● **TASK DIRECTIONS**: These records contain pictures, which must be left out; copy exactly the lines from the one with "7月22日9:26分冲击涨停" up to and including the one with "Rosa Blommigt Elephant".

** Opening AVAILABLE DATA block **

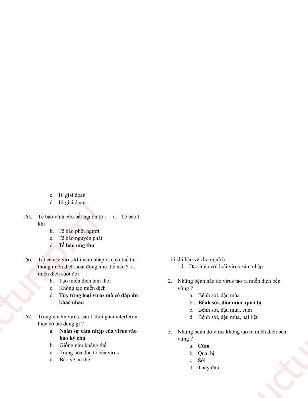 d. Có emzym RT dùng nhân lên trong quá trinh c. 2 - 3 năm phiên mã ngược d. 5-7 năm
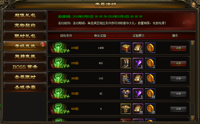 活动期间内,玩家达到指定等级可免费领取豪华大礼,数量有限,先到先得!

** Closing AVAILABLE DATA block **
** Opening AVAILABLE DATA block **

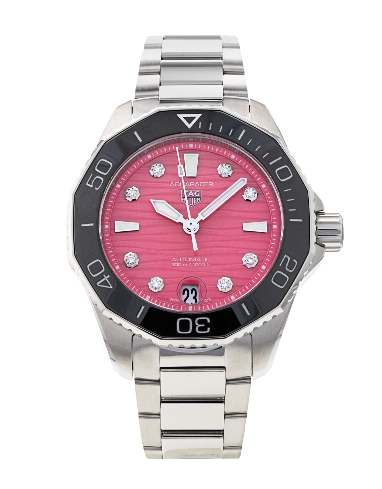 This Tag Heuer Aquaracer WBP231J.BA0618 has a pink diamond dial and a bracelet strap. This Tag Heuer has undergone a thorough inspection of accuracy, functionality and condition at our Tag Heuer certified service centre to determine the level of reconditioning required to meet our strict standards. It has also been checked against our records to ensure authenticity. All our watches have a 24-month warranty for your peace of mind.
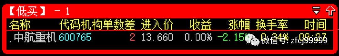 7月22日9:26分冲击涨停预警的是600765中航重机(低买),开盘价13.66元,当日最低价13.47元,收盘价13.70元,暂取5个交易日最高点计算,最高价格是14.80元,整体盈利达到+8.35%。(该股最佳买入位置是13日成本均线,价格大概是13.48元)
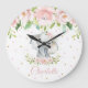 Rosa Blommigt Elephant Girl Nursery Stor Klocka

** Closing AVAILABLE DATA block **
** Opening AVAILABLE DATA block **

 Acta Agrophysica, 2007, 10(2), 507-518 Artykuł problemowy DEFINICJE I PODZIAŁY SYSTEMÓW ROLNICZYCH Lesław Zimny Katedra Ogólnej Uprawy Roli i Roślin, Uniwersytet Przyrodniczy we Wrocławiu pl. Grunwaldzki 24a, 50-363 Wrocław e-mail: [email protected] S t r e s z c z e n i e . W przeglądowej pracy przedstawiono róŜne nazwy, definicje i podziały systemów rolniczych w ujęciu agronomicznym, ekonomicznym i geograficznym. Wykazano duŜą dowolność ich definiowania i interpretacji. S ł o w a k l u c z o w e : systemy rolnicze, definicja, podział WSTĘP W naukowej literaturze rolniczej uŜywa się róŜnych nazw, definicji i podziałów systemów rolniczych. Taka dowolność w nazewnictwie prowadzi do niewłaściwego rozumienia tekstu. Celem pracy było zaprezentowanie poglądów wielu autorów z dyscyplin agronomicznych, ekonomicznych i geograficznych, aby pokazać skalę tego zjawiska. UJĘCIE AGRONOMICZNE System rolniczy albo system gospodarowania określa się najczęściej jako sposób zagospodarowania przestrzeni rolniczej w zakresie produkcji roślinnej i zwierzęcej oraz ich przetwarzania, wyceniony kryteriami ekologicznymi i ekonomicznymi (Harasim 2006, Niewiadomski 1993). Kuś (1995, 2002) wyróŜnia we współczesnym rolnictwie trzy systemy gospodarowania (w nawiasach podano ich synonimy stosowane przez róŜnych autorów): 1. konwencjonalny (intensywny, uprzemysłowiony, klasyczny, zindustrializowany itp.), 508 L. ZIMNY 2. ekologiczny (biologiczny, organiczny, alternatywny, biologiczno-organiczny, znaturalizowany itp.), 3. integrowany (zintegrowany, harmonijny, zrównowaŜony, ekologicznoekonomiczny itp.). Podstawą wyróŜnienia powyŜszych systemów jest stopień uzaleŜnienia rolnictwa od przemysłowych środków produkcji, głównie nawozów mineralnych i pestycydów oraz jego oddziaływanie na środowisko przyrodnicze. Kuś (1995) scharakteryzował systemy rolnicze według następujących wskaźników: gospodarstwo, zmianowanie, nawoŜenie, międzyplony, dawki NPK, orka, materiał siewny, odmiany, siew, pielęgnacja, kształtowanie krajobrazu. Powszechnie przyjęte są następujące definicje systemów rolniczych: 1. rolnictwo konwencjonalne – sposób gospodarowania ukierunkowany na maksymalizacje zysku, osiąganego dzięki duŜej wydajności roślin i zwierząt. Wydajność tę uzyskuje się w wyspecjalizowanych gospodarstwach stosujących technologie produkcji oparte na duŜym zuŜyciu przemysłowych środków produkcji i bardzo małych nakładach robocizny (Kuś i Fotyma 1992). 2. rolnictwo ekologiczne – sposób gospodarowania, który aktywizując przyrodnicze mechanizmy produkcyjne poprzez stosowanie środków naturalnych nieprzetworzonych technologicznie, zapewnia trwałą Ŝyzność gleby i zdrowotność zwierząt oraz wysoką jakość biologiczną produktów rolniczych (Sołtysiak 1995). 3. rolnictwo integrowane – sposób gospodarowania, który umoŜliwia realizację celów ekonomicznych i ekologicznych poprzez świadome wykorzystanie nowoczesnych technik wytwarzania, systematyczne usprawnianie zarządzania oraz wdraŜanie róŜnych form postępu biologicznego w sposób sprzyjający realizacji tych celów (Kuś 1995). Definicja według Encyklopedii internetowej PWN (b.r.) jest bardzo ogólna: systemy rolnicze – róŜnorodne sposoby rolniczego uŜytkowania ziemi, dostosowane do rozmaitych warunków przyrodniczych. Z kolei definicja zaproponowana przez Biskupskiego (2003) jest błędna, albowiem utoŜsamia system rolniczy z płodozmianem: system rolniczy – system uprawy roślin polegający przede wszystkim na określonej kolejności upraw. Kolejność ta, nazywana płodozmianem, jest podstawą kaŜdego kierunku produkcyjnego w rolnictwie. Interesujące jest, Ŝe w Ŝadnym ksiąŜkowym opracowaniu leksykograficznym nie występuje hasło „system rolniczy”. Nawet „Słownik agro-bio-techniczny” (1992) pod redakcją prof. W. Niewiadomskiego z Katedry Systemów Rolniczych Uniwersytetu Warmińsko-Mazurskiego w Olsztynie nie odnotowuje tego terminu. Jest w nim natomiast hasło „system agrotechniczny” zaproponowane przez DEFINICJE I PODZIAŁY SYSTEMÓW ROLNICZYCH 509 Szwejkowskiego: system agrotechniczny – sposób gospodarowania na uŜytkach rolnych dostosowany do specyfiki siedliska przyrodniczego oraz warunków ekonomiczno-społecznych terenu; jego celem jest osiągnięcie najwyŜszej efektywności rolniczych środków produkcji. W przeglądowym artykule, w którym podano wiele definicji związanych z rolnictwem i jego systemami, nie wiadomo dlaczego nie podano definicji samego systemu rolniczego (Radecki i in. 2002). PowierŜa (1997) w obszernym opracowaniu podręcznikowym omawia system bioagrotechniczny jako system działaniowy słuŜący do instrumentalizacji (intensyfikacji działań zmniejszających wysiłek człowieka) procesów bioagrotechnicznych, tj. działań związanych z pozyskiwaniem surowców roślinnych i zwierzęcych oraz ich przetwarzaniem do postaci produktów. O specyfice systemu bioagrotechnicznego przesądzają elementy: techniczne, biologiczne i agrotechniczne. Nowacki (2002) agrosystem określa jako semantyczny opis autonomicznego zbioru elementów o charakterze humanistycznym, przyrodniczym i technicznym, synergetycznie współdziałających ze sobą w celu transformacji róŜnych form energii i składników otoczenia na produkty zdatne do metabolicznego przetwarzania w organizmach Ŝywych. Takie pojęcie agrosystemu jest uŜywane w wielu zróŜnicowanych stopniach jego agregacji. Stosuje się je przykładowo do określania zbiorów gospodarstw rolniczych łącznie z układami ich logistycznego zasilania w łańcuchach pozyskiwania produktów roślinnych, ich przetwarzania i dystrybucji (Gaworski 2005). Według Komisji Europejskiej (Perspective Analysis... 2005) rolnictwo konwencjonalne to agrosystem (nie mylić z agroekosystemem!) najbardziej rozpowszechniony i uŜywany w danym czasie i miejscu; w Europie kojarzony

** Closing AVAILABLE DATA block **

● **SOLVED EXERCISE**:
 7月22日9:26分冲击涨停预警的是600765中航重机(低买),开盘价13.66元,当日最低价13.47元,收盘价13.70元,暂取5个交易日最高点计算,最高价格是14.80元,整体盈利达到+8.35%。(该股最佳买入位置是13日成本均线,价格大概是13.48元)
 Rosa Blommigt Elephant Girl Nursery Stor Klocka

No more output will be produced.